- Your goal
A word-for-word copy of the listing is required, and it must contain no pictures.

- Data to use

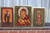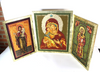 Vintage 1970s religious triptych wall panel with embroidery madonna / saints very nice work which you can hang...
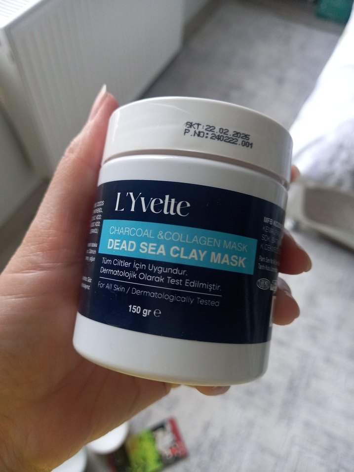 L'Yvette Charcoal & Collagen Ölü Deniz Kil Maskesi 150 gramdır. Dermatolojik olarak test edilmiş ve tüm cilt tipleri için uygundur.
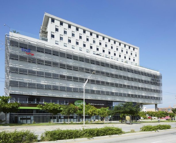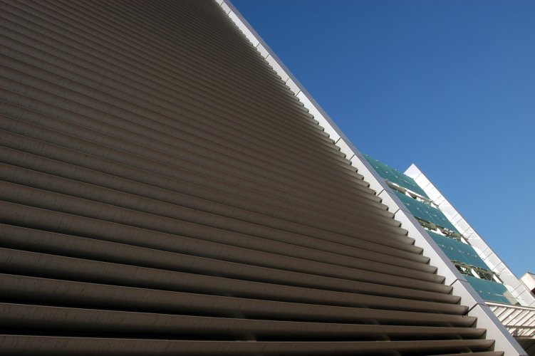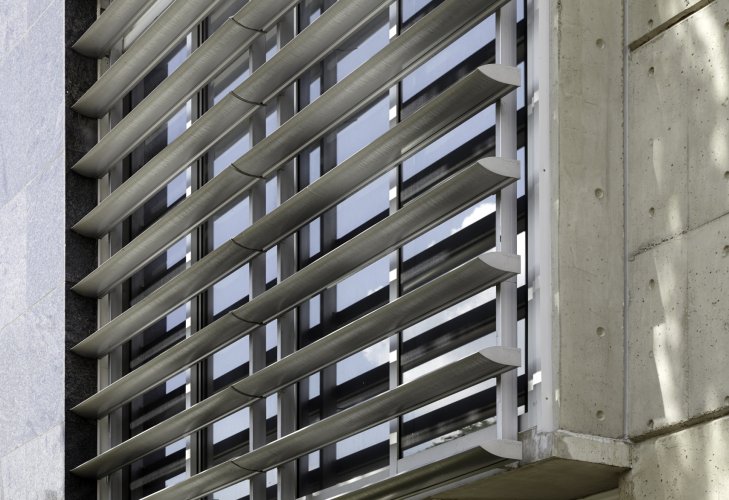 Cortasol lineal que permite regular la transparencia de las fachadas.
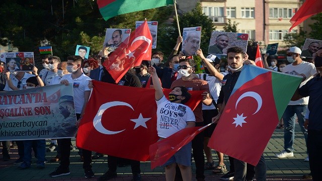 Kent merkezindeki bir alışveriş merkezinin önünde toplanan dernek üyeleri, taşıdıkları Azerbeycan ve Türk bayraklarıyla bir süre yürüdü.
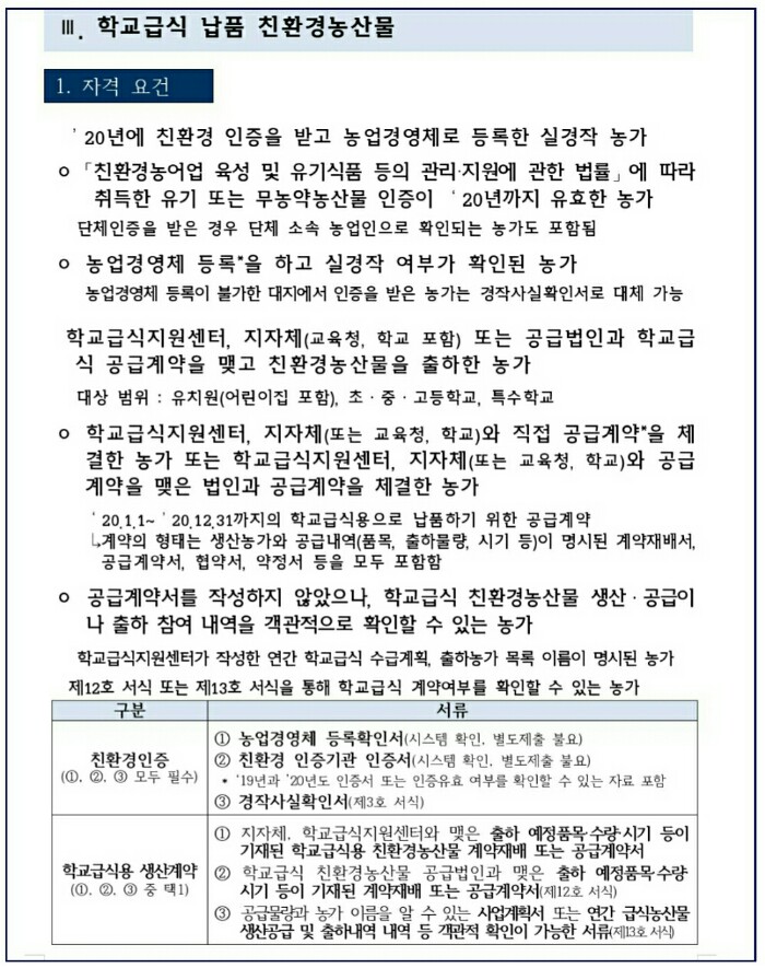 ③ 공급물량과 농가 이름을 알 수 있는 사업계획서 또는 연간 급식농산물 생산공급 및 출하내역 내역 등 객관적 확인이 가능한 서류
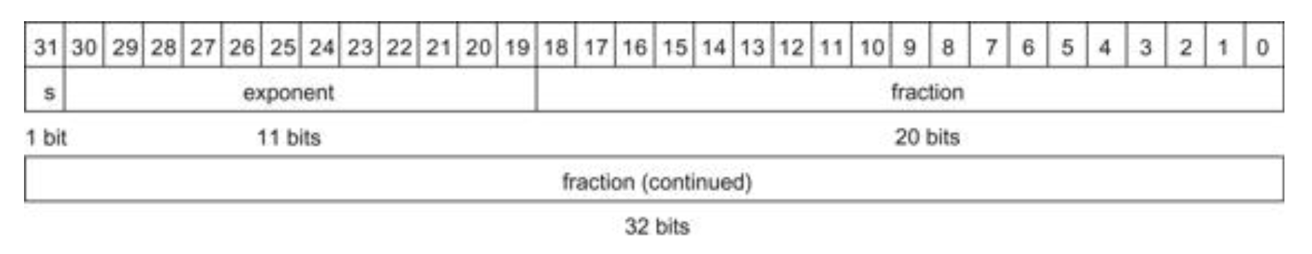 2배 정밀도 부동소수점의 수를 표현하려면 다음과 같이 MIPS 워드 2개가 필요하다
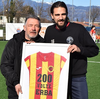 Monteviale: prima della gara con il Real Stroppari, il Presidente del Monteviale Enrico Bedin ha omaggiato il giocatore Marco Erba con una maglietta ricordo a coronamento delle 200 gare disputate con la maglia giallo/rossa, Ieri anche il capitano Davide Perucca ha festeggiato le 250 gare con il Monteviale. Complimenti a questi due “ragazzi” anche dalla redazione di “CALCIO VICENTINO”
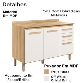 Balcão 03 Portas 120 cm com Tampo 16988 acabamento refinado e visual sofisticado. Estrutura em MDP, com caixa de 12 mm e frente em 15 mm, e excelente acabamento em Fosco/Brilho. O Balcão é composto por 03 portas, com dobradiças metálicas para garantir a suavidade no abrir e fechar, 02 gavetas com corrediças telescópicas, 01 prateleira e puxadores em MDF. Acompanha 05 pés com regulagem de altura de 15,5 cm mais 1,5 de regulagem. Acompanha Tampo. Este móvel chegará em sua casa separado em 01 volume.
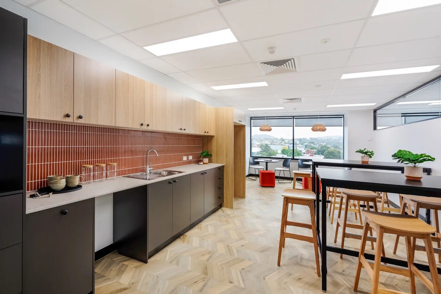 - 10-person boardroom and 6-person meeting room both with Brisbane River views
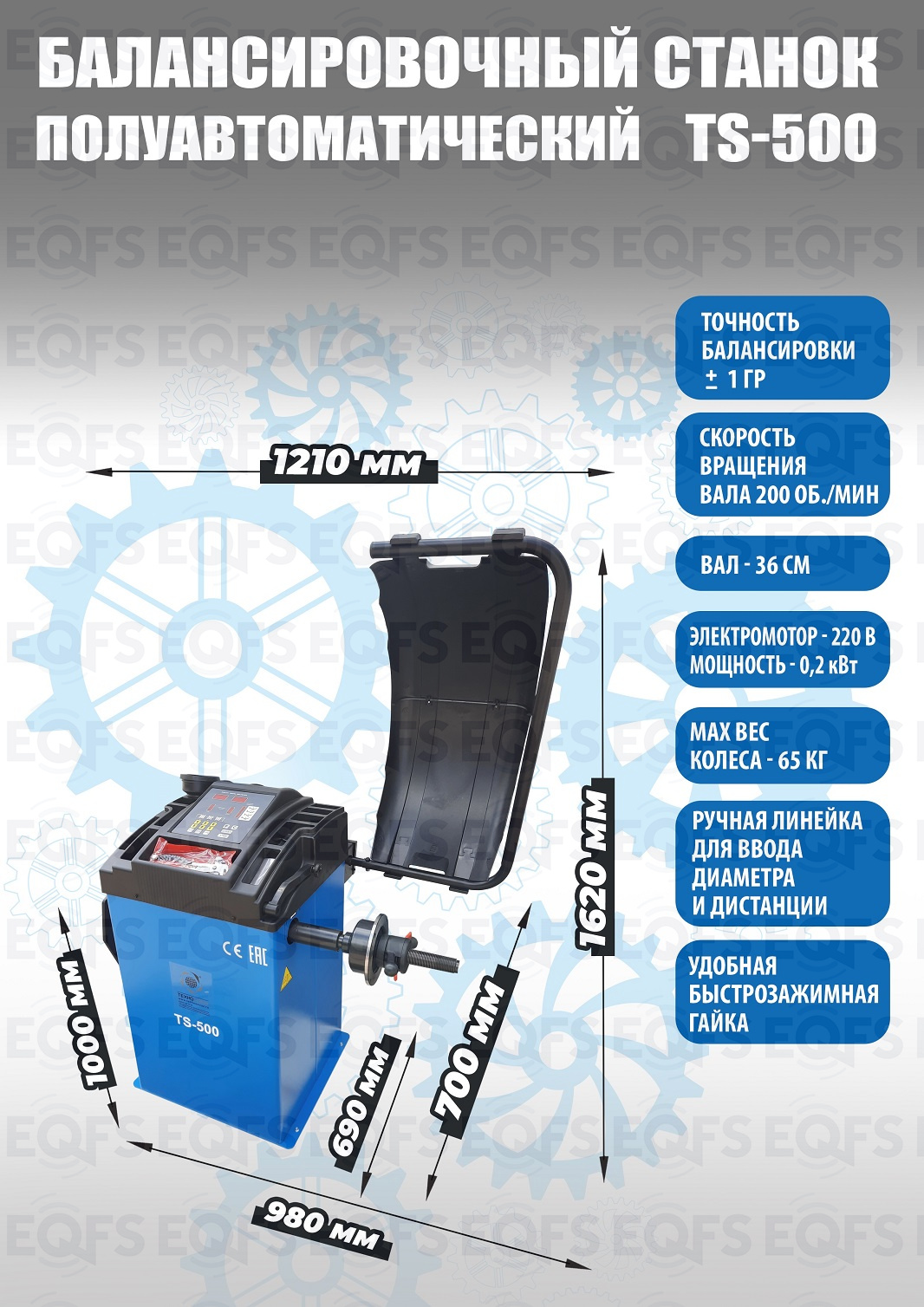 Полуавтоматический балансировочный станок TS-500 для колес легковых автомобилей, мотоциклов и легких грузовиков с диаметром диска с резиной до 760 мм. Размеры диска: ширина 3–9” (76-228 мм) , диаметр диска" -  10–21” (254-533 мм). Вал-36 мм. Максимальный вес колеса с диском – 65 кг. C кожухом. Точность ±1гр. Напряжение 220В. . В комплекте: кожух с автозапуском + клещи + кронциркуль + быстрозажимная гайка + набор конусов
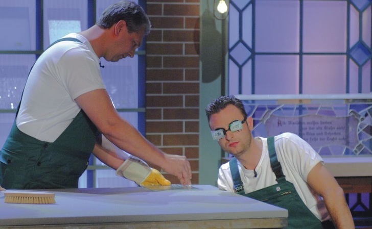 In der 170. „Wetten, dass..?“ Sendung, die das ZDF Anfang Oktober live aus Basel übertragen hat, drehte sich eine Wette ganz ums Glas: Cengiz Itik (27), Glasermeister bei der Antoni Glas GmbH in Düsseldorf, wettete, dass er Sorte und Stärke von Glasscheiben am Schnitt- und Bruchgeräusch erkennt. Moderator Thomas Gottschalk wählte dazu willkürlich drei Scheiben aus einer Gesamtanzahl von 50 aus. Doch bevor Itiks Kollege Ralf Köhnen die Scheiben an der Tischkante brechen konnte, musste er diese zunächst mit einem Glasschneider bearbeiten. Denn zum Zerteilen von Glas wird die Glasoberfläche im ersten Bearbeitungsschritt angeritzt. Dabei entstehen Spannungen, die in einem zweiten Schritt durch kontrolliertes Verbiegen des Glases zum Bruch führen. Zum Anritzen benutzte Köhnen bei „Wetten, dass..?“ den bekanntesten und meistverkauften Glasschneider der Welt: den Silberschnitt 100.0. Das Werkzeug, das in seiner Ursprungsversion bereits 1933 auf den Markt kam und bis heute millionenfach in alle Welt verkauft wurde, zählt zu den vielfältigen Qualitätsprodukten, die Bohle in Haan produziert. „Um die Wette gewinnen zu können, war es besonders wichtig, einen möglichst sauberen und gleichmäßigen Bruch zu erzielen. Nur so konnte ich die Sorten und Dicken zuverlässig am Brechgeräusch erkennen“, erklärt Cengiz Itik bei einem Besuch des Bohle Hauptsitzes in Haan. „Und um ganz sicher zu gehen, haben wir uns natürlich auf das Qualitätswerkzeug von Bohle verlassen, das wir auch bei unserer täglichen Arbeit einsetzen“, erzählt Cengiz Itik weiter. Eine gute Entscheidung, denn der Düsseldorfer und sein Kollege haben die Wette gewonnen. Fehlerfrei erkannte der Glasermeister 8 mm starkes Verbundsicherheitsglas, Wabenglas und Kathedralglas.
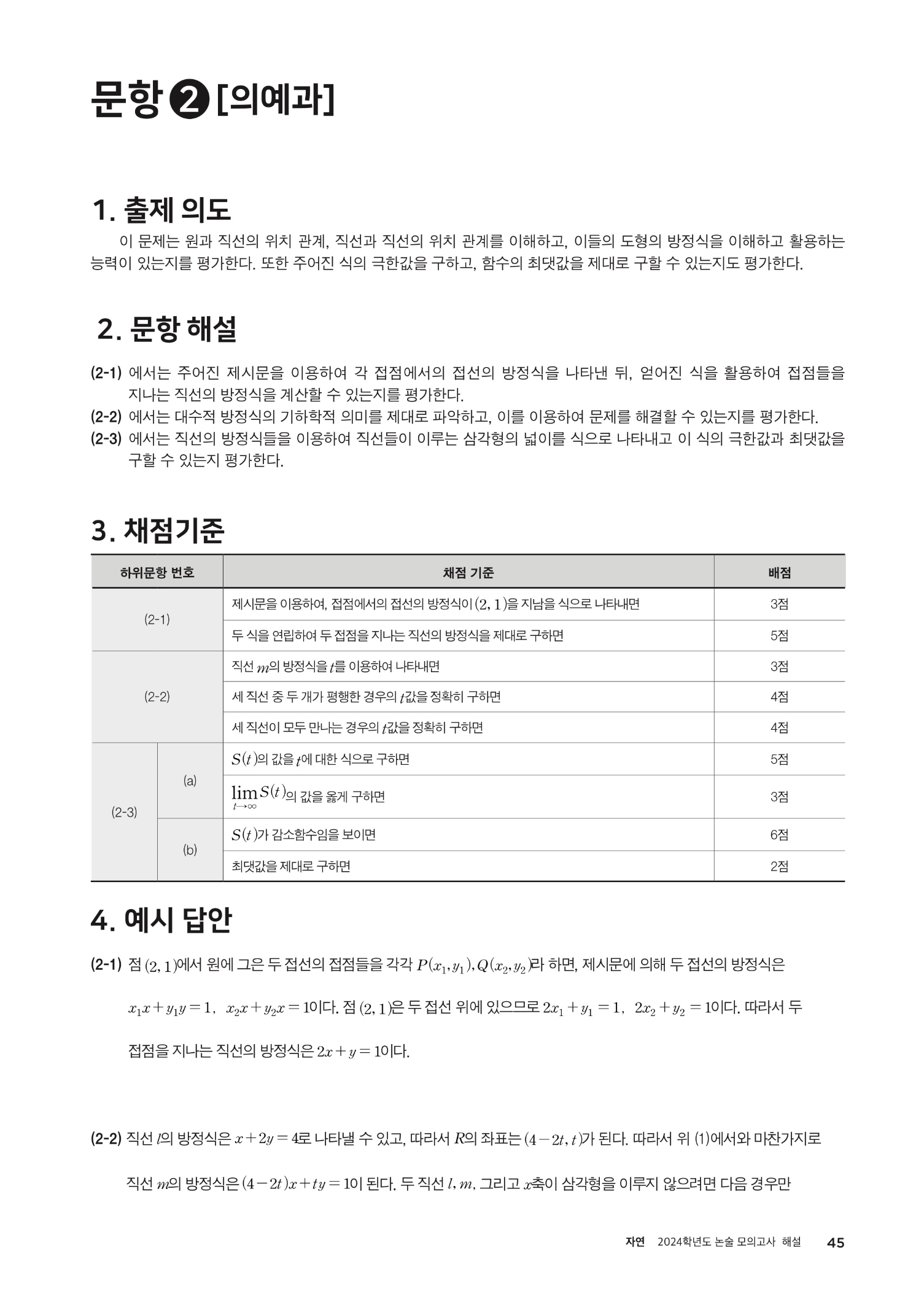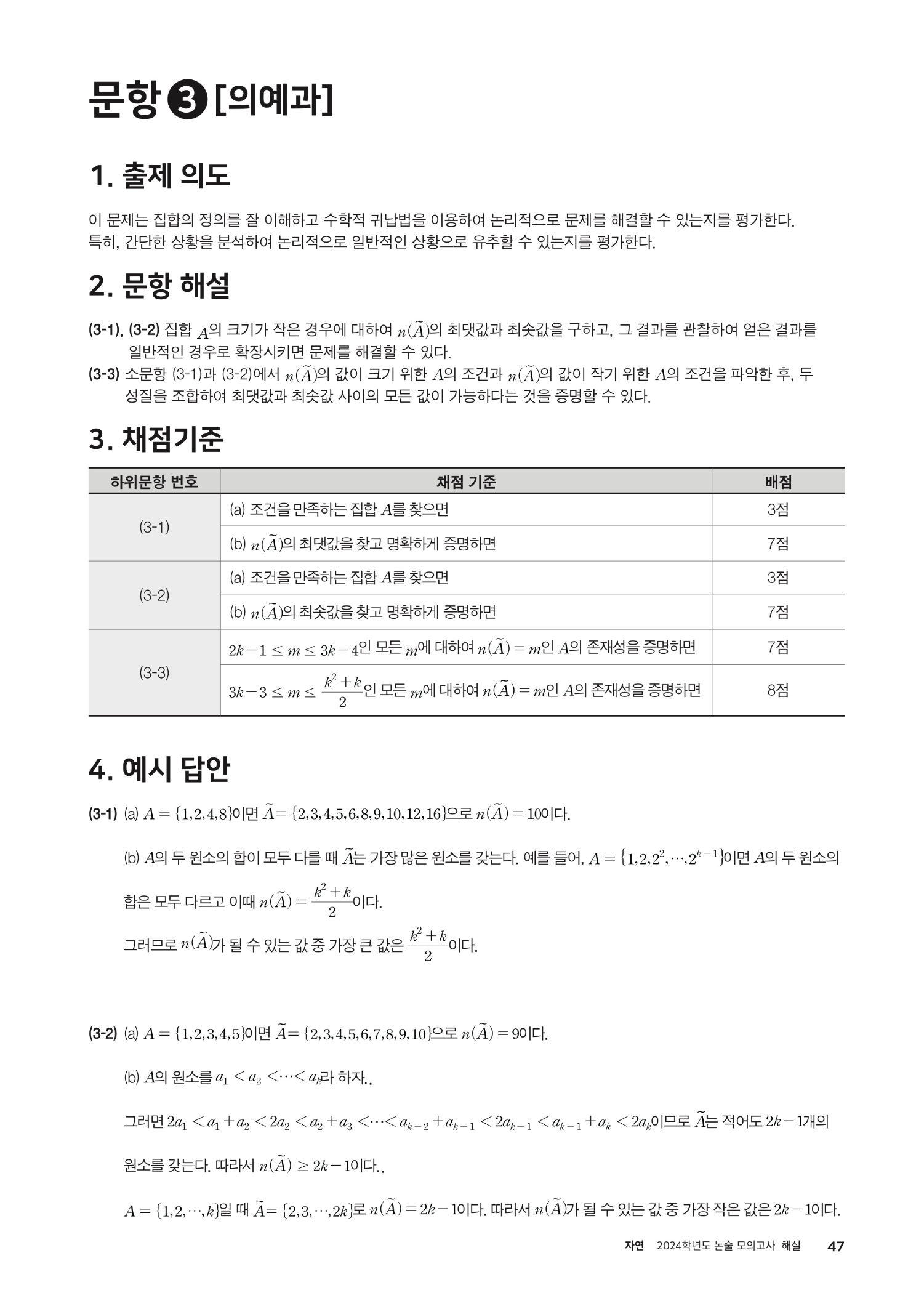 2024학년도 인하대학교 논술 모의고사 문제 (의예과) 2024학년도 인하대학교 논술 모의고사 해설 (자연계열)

- Exercise output
 Vintage 1970s religious triptych wall panel with embroidery madonna / saints very nice work which you can hang...
 L'Yvette Charcoal & Collagen Ölü Deniz Kil Maskesi 150 gramdır. Dermatolojik olarak test edilmiş ve tüm cilt tipleri için uygundur.
 Cortasol lineal que permite regular la transparencia de las fachadas.
 Kent merkezindeki bir alışveriş merkezinin önünde toplanan dernek üyeleri, taşıdıkları Azerbeycan ve Türk bayraklarıyla bir süre yürüdü.
 ③ 공급물량과 농가 이름을 알 수 있는 사업계획서 또는 연간 급식농산물 생산공급 및 출하내역 내역 등 객관적 확인이 가능한 서류
 2배 정밀도 부동소수점의 수를 표현하려면 다음과 같이 MIPS 워드 2개가 필요하다
 Monteviale: prima della gara con il Real Stroppari, il Presidente del Monteviale Enrico Bedin ha omaggiato il giocatore Marco Erba con una maglietta ricordo a coronamento delle 200 gare disputate con la maglia giallo/rossa, Ieri anche il capitano Davide Perucca ha festeggiato le 250 gare con il Monteviale. Complimenti a questi due “ragazzi” anche dalla redazione di “CALCIO VICENTINO”
 Balcão 03 Portas 120 cm com Tampo 16988 acabamento refinado e visual sofisticado. Estrutura em MDP, com caixa de 12 mm e frente em 15 mm, e excelente acabamento em Fosco/Brilho. O Balcão é composto por 03 portas, com dobradiças metálicas para garantir a suavidade no abrir e fechar, 02 gavetas com corrediças telescópicas, 01 prateleira e puxadores em MDF. Acompanha 05 pés com regulagem de altura de 15,5 cm mais 1,5 de regulagem. Acompanha Tampo. Este móvel chegará em sua casa separado em 01 volume.
 - 10-person boardroom and 6-person meeting room both with Brisbane River views
 Полуавтоматический балансировочный станок TS-500 для колес легковых автомобилей, мотоциклов и легких грузовиков с диаметром диска с резиной до 760 мм. Размеры диска: ширина 3–9” (76-228 мм) , диаметр диска" -  10–21” (254-533 мм). Вал-36 мм. Максимальный вес колеса с диском – 65 кг. C кожухом. Точность ±1гр. Напряжение 220В. . В комплекте: кожух с автозапуском + клещи + кронциркуль + быстрозажимная гайка + набор конусов
 In der 170. „Wetten, dass..?“ Sendung, die das ZDF Anfang Oktober live aus Basel übertragen hat, drehte sich eine Wette ganz ums Glas: Cengiz Itik (27), Glasermeister bei der Antoni Glas GmbH in Düsseldorf, wettete, dass er Sorte und Stärke von Glasscheiben am Schnitt- und Bruchgeräusch erkennt. Moderator Thomas Gottschalk wählte dazu willkürlich drei Scheiben aus einer Gesamtanzahl von 50 aus. Doch bevor Itiks Kollege Ralf Köhnen die Scheiben an der Tischkante brechen konnte, musste er diese zunächst mit einem Glasschneider bearbeiten. Denn zum Zerteilen von Glas wird die Glasoberfläche im ersten Bearbeitungsschritt angeritzt. Dabei entstehen Spannungen, die in einem zweiten Schritt durch kontrolliertes Verbiegen des Glases zum Bruch führen. Zum Anritzen benutzte Köhnen bei „Wetten, dass..?“ den bekanntesten und meistverkauften Glasschneider der Welt: den Silberschnitt 100.0. Das Werkzeug, das in seiner Ursprungsversion bereits 1933 auf den Markt kam und bis heute millionenfach in alle Welt verkauft wurde, zählt zu den vielfältigen Qualitätsprodukten, die Bohle in Haan produziert. „Um die Wette gewinnen zu können, war es besonders wichtig, einen möglichst sauberen und gleichmäßigen Bruch zu erzielen. Nur so konnte ich die Sorten und Dicken zuverlässig am Brechgeräusch erkennen“, erklärt Cengiz Itik bei einem Besuch des Bohle Hauptsitzes in Haan. „Und um ganz sicher zu gehen, haben wir uns natürlich auf das Qualitätswerkzeug von Bohle verlassen, das wir auch bei unserer täglichen Arbeit einsetzen“, erzählt Cengiz Itik weiter. Eine gute Entscheidung, denn der Düsseldorfer und sein Kollege haben die Wette gewonnen. Fehlerfrei erkannte der Glasermeister 8 mm starkes Verbundsicherheitsglas, Wabenglas und Kathedralglas.
 2024학년도 인하대학교 논술 모의고사 문제 (의예과) 2024학년도 인하대학교 논술 모의고사 해설 (자연계열)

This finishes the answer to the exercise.